WHAT NEEDS TO BE DONE
What you return must be the data below, word for word, without any images.

PROVIDED DATA
____________
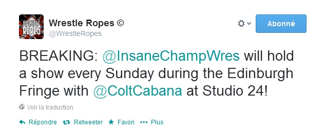 "INFO DE DERNIERE MINUTE: l'ICW tiendra un show durant chaque dimanche du Edinburgh Fringe avec Colt Cabana au Studio 24 !"
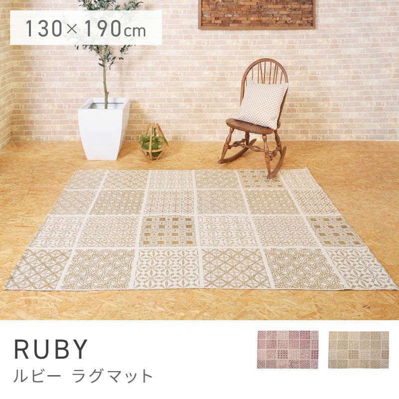 ナチュラルテイストなコットンラグマット ラグ 130×190cm 滑り止め付き ラグマット マット カーペット|RUBY
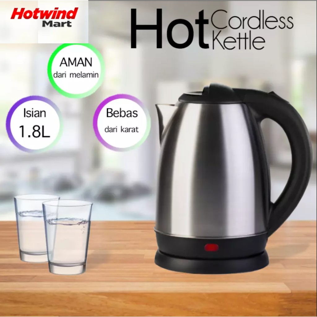 ✅ COD ✅ DROPSHIPER ✅ DAERAH JKT PENGIRIMAN 1-3HARI KERJAHotwind Cordless Kettle Series LIFECENTER 1.8LITER :Hemat Listrik, Aman DipakaiSaat badan sedang lelah, akan terpikir minuman panas. Masak air panas tetapi kurang semangat. Pakai dispenser tetapi boros listrik dan masak airnya lama dengan kapasitas rendah. Cukup dengan Hotwind Cordless Kettle Series Life center ataupun termos listrik pemanas air ini, anda bisa bebas dari semua masalah ini! Seri ini sudah dengan kapasitas besar 1.8 liter dan listriknya hanya 500watts, sehingga listrik anda bisa lebih hemat dan bisa buat air panas untuk sekeluarga sekaligusAman Untuk SemuanyaSudah tersedia dengan beberapa kelebihan seperti: Kapasitas besar dengan 1.8 liter, masak air untuk sekeluarga hitungan menit Lebih hemat daya, cukup dengan 500watts saja saat diperlukan dan lebih hemat di banding dengan dispenser yang hidup terusBoil-Dry Protection, sehingga saat airnya sudah menjadi kering, listriknya akan otomatis henti sehingga lebih ramah untuk sekeluarga dalam kondisi apapunLampu Indikator LED akan menyala saat airnya sedang dalam kondisi memanas dan lampu akan henti saat airnya sudah mendidih Henti otomatis saat airnya sudah siap disajiCara pemakaian:Isikan air secukupnya, minimal 0.3 liter ataupun maksimal 1.8 literPasangkan kettle / termos ini di atas dudukan listrik dan tekan tombol di pegangan tanganLampu indikator akan menyala dan siap disaji saat lampunya sudah padamTinggal angkat dan bisa dibawa ke mana-mana tanpa bawa kabel ataupun dudukannyaCara membersihkan:Cukup dengan kain setengah basah lalu membersihkan permukaan diluar termos. Dudukan listrik harus jauhi dari air.Jika dudukan listrik kena air secara tidak sengaja, mohon dikeringan sampai sudah benar kering baru dipakai kembali Kettle ini berfungsi untuk memanaskan air putih saja, bukan untuk air yang mengandung gula / minuman kaleng, supaya kettle kesayangan anda bisa tahan lebih lamaJika tidak diperlukan, cukup hanya simpan di manapun yang bebas banjir dan pakai kembali lagi saat diperlukanIsi di dalam kotak: 1x Hotwind Cordless Kettle LIFE CENTER1x Dudukan listrikFitur Umum:Kapasitas: 1.8literModel: Hotwind LIFECENTERSpesifikasi- Berbahan 201 SS (Stainless Steel)- Dapat diputar 360 derajat- Fitur Power off secara otomatis.- Fitur perlindungan kelebihan panas (overheat) dengan lampu indikator- Pegangan plastik berbahan PP.- FADA Controller- Ketebalan badan ceret : 0.4 mm- Kapasitas : 1.8 liter- Kabel : 0.75 mm2 0.75m(dengan VDE two round plug)- Plat Pemanas berbahan 201 SS (Stainless Steel) dan Aluminium- Fitur anti kekeringan dan perlindungan kelebihan panas- Tegangan : 220 - 240 V- Power : 500 watt- Frekeunsi : 50/60 Hz #kettle #termos #kettlelistrik #tekolistrik #pemanasair #teko #masakair #ketel #ketellistrik #listri
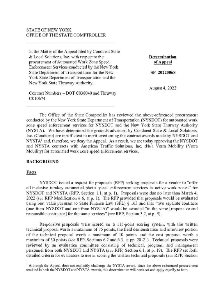 STATE OF NEW YORK OFFICE OF THE STATE COMPTROLLER ___ In the Matter of the Appeal filed by Conduct State & Local Solutions, Inc. with respect to the procurement of Automated Work Zone Speed Enforcement
____________
OUTPUT OF THE EXERCISE
 "INFO DE DERNIERE MINUTE: l'ICW tiendra un show durant chaque dimanche du Edinburgh Fringe avec Colt Cabana au Studio 24 !"
 ナチュラルテイストなコットンラグマット ラグ 130×190cm 滑り止め付き ラグマット マット カーペット|RUBY
 ✅ COD ✅ DROPSHIPER ✅ DAERAH JKT PENGIRIMAN 1-3HARI KERJAHotwind Cordless Kettle Series LIFECENTER 1.8LITER :Hemat Listrik, Aman DipakaiSaat badan sedang lelah, akan terpikir minuman panas. Masak air panas tetapi kurang semangat. Pakai dispenser tetapi boros listrik dan masak airnya lama dengan kapasitas rendah. Cukup dengan Hotwind Cordless Kettle Series Life center ataupun termos listrik pemanas air ini, anda bisa bebas dari semua masalah ini! Seri ini sudah dengan kapasitas besar 1.8 liter dan listriknya hanya 500watts, sehingga listrik anda bisa lebih hemat dan bisa buat air panas untuk sekeluarga sekaligusAman Untuk SemuanyaSudah tersedia dengan beberapa kelebihan seperti: Kapasitas besar dengan 1.8 liter, masak air untuk sekeluarga hitungan menit Lebih hemat daya, cukup dengan 500watts saja saat diperlukan dan lebih hemat di banding dengan dispenser yang hidup terusBoil-Dry Protection, sehingga saat airnya sudah menjadi kering, listriknya akan otomatis henti sehingga lebih ramah untuk sekeluarga dalam kondisi apapunLampu Indikator LED akan menyala saat airnya sedang dalam kondisi memanas dan lampu akan henti saat airnya sudah mendidih Henti otomatis saat airnya sudah siap disajiCara pemakaian:Isikan air secukupnya, minimal 0.3 liter ataupun maksimal 1.8 literPasangkan kettle / termos ini di atas dudukan listrik dan tekan tombol di pegangan tanganLampu indikator akan menyala dan siap disaji saat lampunya sudah padamTinggal angkat dan bisa dibawa ke mana-mana tanpa bawa kabel ataupun dudukannyaCara membersihkan:Cukup dengan kain setengah basah lalu membersihkan permukaan diluar termos. Dudukan listrik harus jauhi dari air.Jika dudukan listrik kena air secara tidak sengaja, mohon dikeringan sampai sudah benar kering baru dipakai kembali Kettle ini berfungsi untuk memanaskan air putih saja, bukan untuk air yang mengandung gula / minuman kaleng, supaya kettle kesayangan anda bisa tahan lebih lamaJika tidak diperlukan, cukup hanya simpan di manapun yang bebas banjir dan pakai kembali lagi saat diperlukanIsi di dalam kotak: 1x Hotwind Cordless Kettle LIFE CENTER1x Dudukan listrikFitur Umum:Kapasitas: 1.8literModel: Hotwind LIFECENTERSpesifikasi- Berbahan 201 SS (Stainless Steel)- Dapat diputar 360 derajat- Fitur Power off secara otomatis.- Fitur perlindungan kelebihan panas (overheat) dengan lampu indikator- Pegangan plastik berbahan PP.- FADA Controller- Ketebalan badan ceret : 0.4 mm- Kapasitas : 1.8 liter- Kabel : 0.75 mm2 0.75m(dengan VDE two round plug)- Plat Pemanas berbahan 201 SS (Stainless Steel) dan Aluminium- Fitur anti kekeringan dan perlindungan kelebihan panas- Tegangan : 220 - 240 V- Power : 500 watt- Frekeunsi : 50/60 Hz #kettle #termos #kettlelistrik #tekolistrik #pemanasair #teko #masakair #ketel #ketellistrik #listri
 STATE OF NEW YORK OFFICE OF THE STATE COMPTROLLER ___ In the Matter of the Appeal filed by Conduct State & Local Solutions, Inc. with respect to the procurement of Automated Work Zone Speed Enforcement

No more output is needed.